Actually I said "exploitative", spelling it correctly <G>

I don't work for any company actually, but several at once, as I am an independent consultant. Many of the companies I have as clients are relatively small and employ no folks in Asia. But I am immersed in local society. I am married to a local. I live in a neighborhood where I am the only westerner, as far as I know, for miles. My son attends a local private school as international school is too far away. So my perspective is as objective or subjective as that allows. I have had the opportunity to live in Asia now for four years. I have traveled steadily here for almost twenty. Here is how I feel:

While there is, of course, abusive and exploitative companies here (like everywhere) the use of low cost labour in Asia has significantly contributed to a tremendous rise in standards of living in those countries that have embraced foreign investment, stable political landscapes, and free market tenets. That there have been abuses seems not a surprise to me. I would also point to the robber baron era of our own history as analogous (as someone else has mentioned). Those abuses, by the way, are almost always by locally held companies. It is a well known belief here that the best jobs (pay, benefits, fair treatment)are with the foreign companies. Benevolence, by the way, is your word. Not mine. I am not some altruistic spokesman for the corporate world and do not believe there is much room for benevolence. Thank goodness because I believe if it were benevolence it would not be sustainable (seldom is) and would not be as effective, as the free market tenets that have worked. That these tenets were underlying the overheating here and the excesses is also not a surprise. Have you looked at internet company valuations lately?<G>

In general I find that the notion of the Asian sweat shop and cruel task masters are born of reading too much Somerset Maugham. The real reasons for Asia's transformation were best presented by Christopher Patten, the last colonial Governor of Hong Kong before the turnover. I'll paraphrase as I have lost the quote.

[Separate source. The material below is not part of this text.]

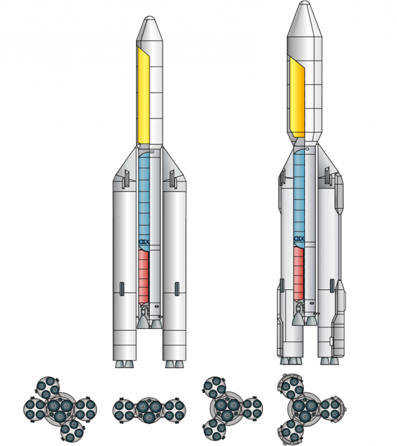 А вот на Луну и далее из этих моноблоков собираем и на 60 тонн и более. Но базу "карандаша" не более Протона - что бы работал как "народно-хозяйственная" ракета.

It seemed to him that the single most important factor in Asia's rise to prosperity has been THE CONVICTION IN THE HEARTS AND MINDS OF HUNDREDS OF MILLIONS OF ASIAN MEN AND WOMEN THAT LIFE CAN AND SHOULD IMPROVE FOR THEM AND THEIR FAMILIES. Whatever technical explanations economists might offer, whatever geo-economic forces might have been at work, he believes that the ENGINE of Asia's economic success has been the DETERMINATION of Asians to haul their families out of subsistence and poverty towards a better life. It amounts to a belief in progress.

The second reason he gave for Asia's economic transformation is ECONOMIC LIBERTY. While many of Asia's governments were, and indeed remain, far from tolerant in their approach to civil and political liberties, most have come to recognize sooner or later the need to grant their citizens economic liberty. These governments have come to recognize, often through bitter experience, that enterprise and ambition can do more to transform their economies than regulation and bureaucracy.

Finally, while a belief in progress and economic liberty would have taken Asian communities part of the way to prosperity, it was FREE TRADE which gave Asia its big break. Access to North American and Western European markets made possible the rapid export-led growth of the post-war decades - a useful point to remember for those Asian politicians who attack the allegedly corrosive influences of the West. Free trade was an idea born in Britain. An idea put into practice throughout the British Empire over a hundred years ago, and has been a hallmark of the resilient American economy. Free Trade is an idea, call it a value, which is sustaining economic expansion and trade throughout the world today.